Ocorre que ultimamente ando esbarrando nela a todo instante, do jeitinho que a
deixei há quarenta e tantos anos atrás: extremamente tímida, sobressaltada, sem
defesas para um mundo que lhe parecia por demais hostil e complicado.
De família numerosa, meus assoberbados pais não tinham tempo para entender a
minha interna tragédia, tampouco para resgatarem-me dos dramas que a minha
criança resolveu sozinha e resolveu completamente errado.
Incorporei todos os rótulos que me deram nas minhas primeiras tentativas de
convivência entre os humanos: desajeitada, limitada, mela-festa, esquisita.
Então a minha criança entendeu que para merecer fazer parte da vida e receber um
mínimo de carinho e aceitação, era preciso fazer coisas heróicas e grandiosas.
Em cima desta idéia pautei toda a minha existência.
Tenho que dar um salto aqui - não interessa narrar os meus grandiosos e heróicos
feitos - mas é preciso ressaltar sim, os desumanos sacrifícios despendidos nesta
empreitada e para onde eles me levaram: depressões profundas e síndrome do
pânico cujas sequelas ainda hoje se fazem sentir.

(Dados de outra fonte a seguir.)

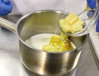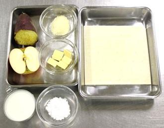 焼いもは皮を除いて牛乳、ホワイトチョコとともに

As vezes me pergunto porque o "Supremo" não intercedeu por mim naquela época,
mandando-me uma angélica criatura para lembrar-me que nada daquilo era preciso e
que a despeito das minhas esquisitices, eu era merecedora de amor respeito e
aceitação?
Esta narrativa fica pela metade, pois só agora começo a dar-me conta do tamanho
e da gravidade do equívoco. Só agora estou disposta a romper a muralha de aço
entre o meu eu adulto (e mal resolvido) e aquela criança que não me permiti ser
e que agora explode à minha revelia, não aceitando mais o porão escuro onde a
trancafiei por tantos anos.
Espero que haja tempo para resgatá-la e deixá-la ser feliz pela primeira vez na
vida, sem que nada ela tenha que fazer de sobre-humano, de heróico ou grandioso,
de notório ou relevante. Perdoa-me, minha criança! Eu joguei duro demais com
você por ignorância. Liberto-a agora! Esteja feliz! Esteja em paz!